Maybe the message in this is that we need to get the publishing industry to a DRM–free stage before Amazon becomes as dominant as iTunes. Then again, maybe it’s too late for that.
Exceptional Excerpts
Tantalizers From New and Upcoming Works
This week, we share from a new essay by 24symbols co–founder Justo Hidalgo, slated to be on the TOC ecommerce panel planned for Feb. 15.
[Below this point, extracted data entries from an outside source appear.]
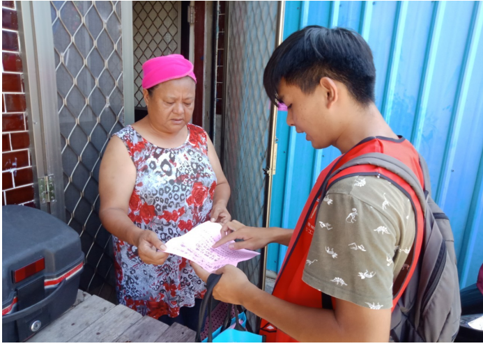
照片說明：家訪衛生所之檢查活動通知
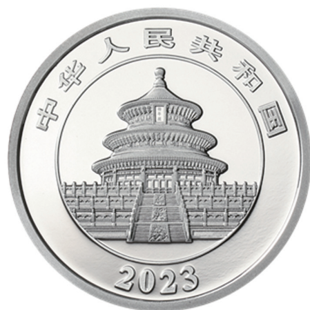
30克圆形精制铂质纪念币正面图案
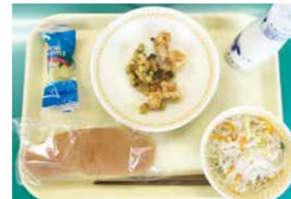
徳佐小学校（阿東東学校給食共同調理場）
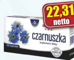
Czarnuszka 60 kaps. S10050000083
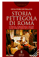
Copertina «Storia pettegola di Roma» (Newton Compton, 384 pagine, 12,90 euro) di Giulia Fiore Coltellacci A destra un ritratto della «Pimpaccia»
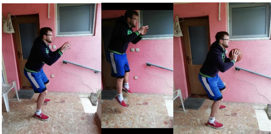
Slika 22. hvatanje lopte u skoku iz obrambenog košarkaškog stava

Sportaš se nalazi u obrambenom košarkaškom stavu bez lopte. Na znak trenera sportaš sunožno skače prema naprijed i prima loptu koju mu dodaje trener. Ovu vježbu je moguće kasnije dodatno zakomplicirati na način da se sportaš odražava s jedne noge, a prilikom doskoka isto tako je moguć doskok na jednu nogu ili na obje noge što je za početak sigurnija solucija. Potrebno je odraditi 10 skokova u 2-3 serije (slika 22.).
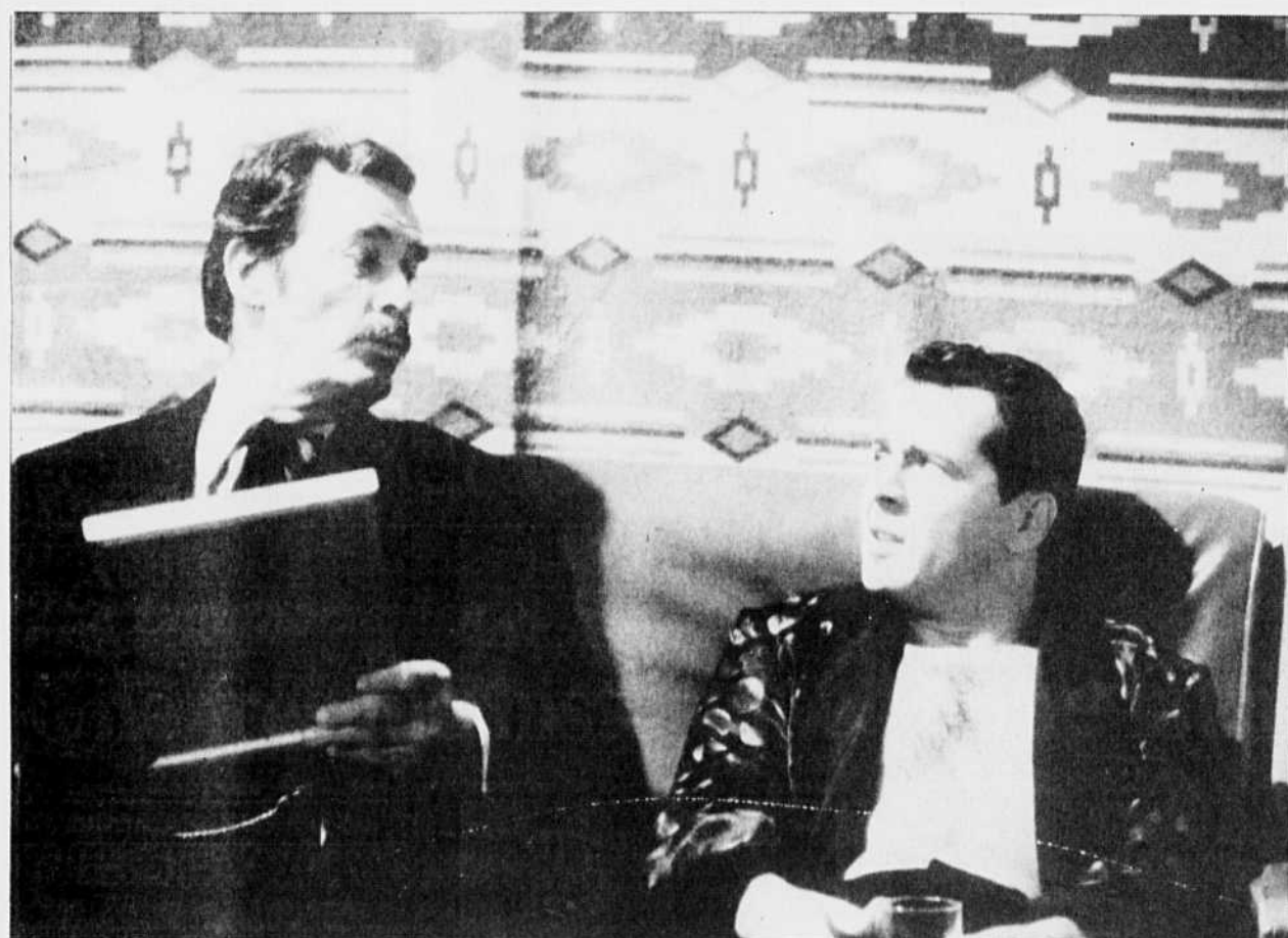
James Garner et Bruce Willis dans une scène de Sunset . L'oeuvre « crépusculaire » du réalisateur Blake Edwards.

Le film cherche à nous divertir tout simplement avec une intrigue policière d'une banalité affligeante et une mise en scène sans relief. Les comédiens, Bruce Willis, James Garner, Malcolm McDowell font de leur mieux mais quand le scénario est oiseux, on ne fait que de l'esbroufe. Sunset , c'est vraiment l'oeuvre crépusculaire d'un réalisateur.
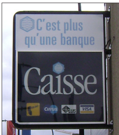
Photo 9 Enseigne faisant face à l'est
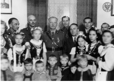
Władysław Sikorski i Władysław Anders z polskimi dziećmi
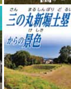
三の丸新堀土塁 からの景色
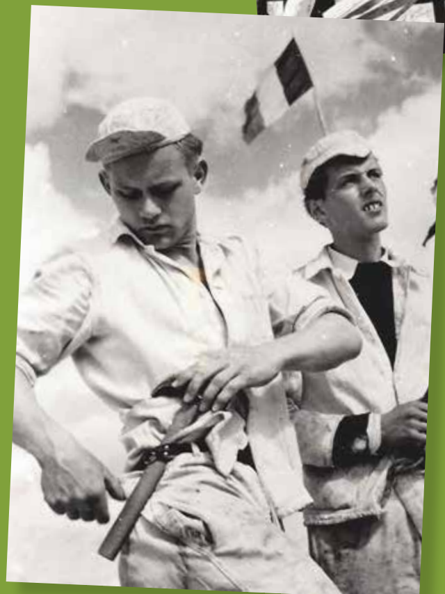
Bouwgezellen in 1957
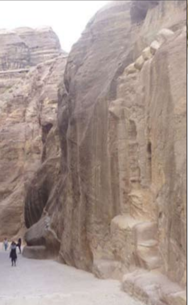
البتراء حيث عبق التاريخ وجمال الماضي

جبل نيبو: يعتبر جبل نيبو احد أكثر الأماكن المقدسة في الأردن حيث يعتقد بان النبي موسى ﷺ دفن فيه، وعند وقوفك على قمة هذا الجبل يمكنك الاستمتاع بالاطلالة الشاملة ذاتها التي شاهدها سيدنا موسى لوائي نهر الأردن والبحر الميت واريحا والقدس.

We are entering a golden age for entrepreneurship in the publishing industry. The Books in Browsers conference last October in San Francisco and the London–based Futurebook conference in December showed a rich array of startups from all around the world. Profile Books’ Michael Bhaskar has compiled a list of publishing-related startups which he intends to add to as it grows. There are many reasons why this is happening.
Books are digital
Or, I should say, books can be digitally managed. Standards such as ePub2 or ONIX enable both the content and the metadata of the books to be digitally available. And this means that new capabilities and services can be built around the content. You can think of e-bookstores, of course, but startups try to look beyond the obvious: what about recommendations based on the book’s DNA รก la Pandora, like BookLamp? Or relating places, songs, or others books, as does SmallDemons? And what about some remixing, like BookRiff does?
Talking Reading
Joe speaks with mobNotate’s founder Ricky Wong as well as their technical advisor Sean Gerrish about where they are with the mobNotate platform, why social is an important part of tomorrow’s reading experience and what it will look like.
‘Five’ is for ‘Future’
Is HTML5 the future of publishing? Brian Fling of PinchZoom Press thinks so, but cautions that it’s not an either/or situation vis a vis ePub. “Don’t focus,” he counsels, “on the end client. It’s about understanding how your content is managed and how you think about how your content is presented in a mixed platform world.”
Final Note
Our Weekly Nod to the Absurd
eAmish et Al
Want to learn more about a tiny pocket of Pennsylvania folks who forswear such modern conveniences as power-line electricity and automobiles? Look no further, friend, than the Amish, whose lifestyle and beliefs are now handily compiled in an ebook. Mental Floss helpfully gathers this item and 10 more in a chirpy list of ebooks that are simply wrong.